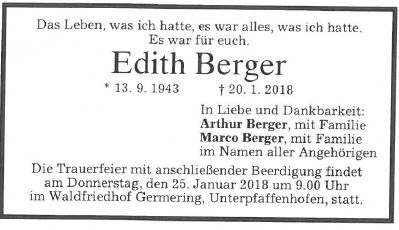 Die Trauerfeier mit anschießender Beerdigung ist am Donnerstag, den 25.1.2018 um 9 Uhr, im Waldfriedhof Germering, Unterpfaffenhofen |
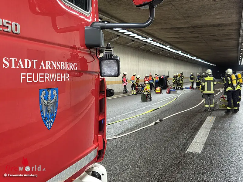 ARNSBERG (DEUTSCHLAND): Am Montagabend, dem 6. Oktober 2025, wurde die Bundesautobahn A46 bei Arnsberg zum Schauplatz einer groß angelegten Rettungsübung. Um 20:51 Uhr erfolgte die Alarmierung der Einsatzkräfte, die zunächst von einem schweren Verkehrsunfall im Tunnel ausgingen.
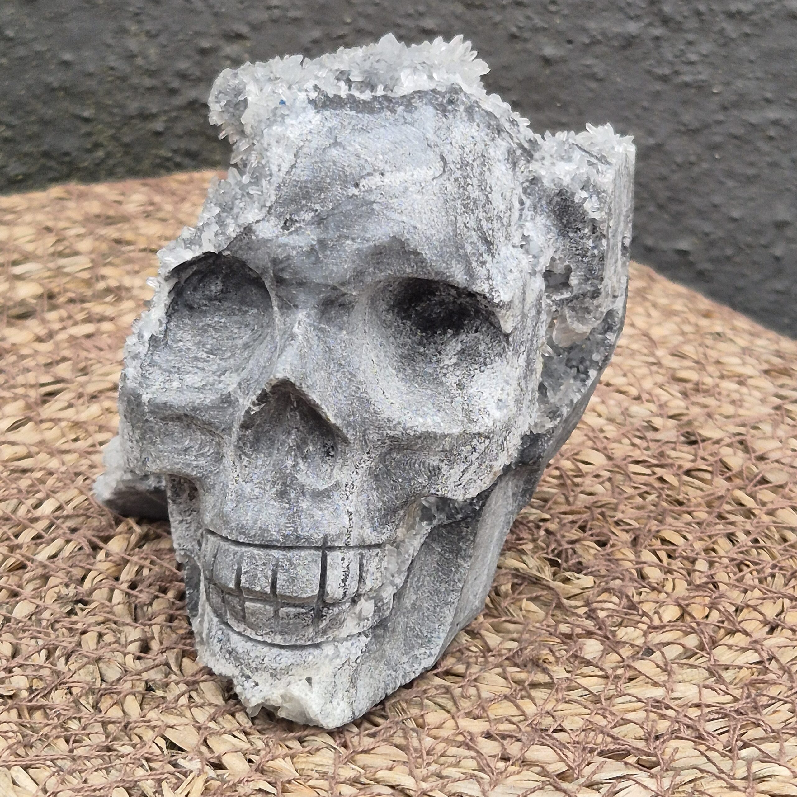 Deze mooie schedel met prachtige kristallen grotten neem je mee naar de binnenwereld van Moeder Aarde maar ook naar jou pure Bron
------------------------------------------------------------
■ Task brief
Retype the data above exactly; pictures are not part of the copy.

■ Answer for the task
 Die Trauerfeier mit anschießender Beerdigung ist am Donnerstag, den 25.1.2018 um 9 Uhr, im Waldfriedhof Germering, Unterpfaffenhofen |
 ARNSBERG (DEUTSCHLAND): Am Montagabend, dem 6. Oktober 2025, wurde die Bundesautobahn A46 bei Arnsberg zum Schauplatz einer groß angelegten Rettungsübung. Um 20:51 Uhr erfolgte die Alarmierung der Einsatzkräfte, die zunächst von einem schweren Verkehrsunfall im Tunnel ausgingen.
 Deze mooie schedel met prachtige kristallen grotten neem je mee naar de binnenwereld van Moeder Aarde maar ook naar jou pure Bron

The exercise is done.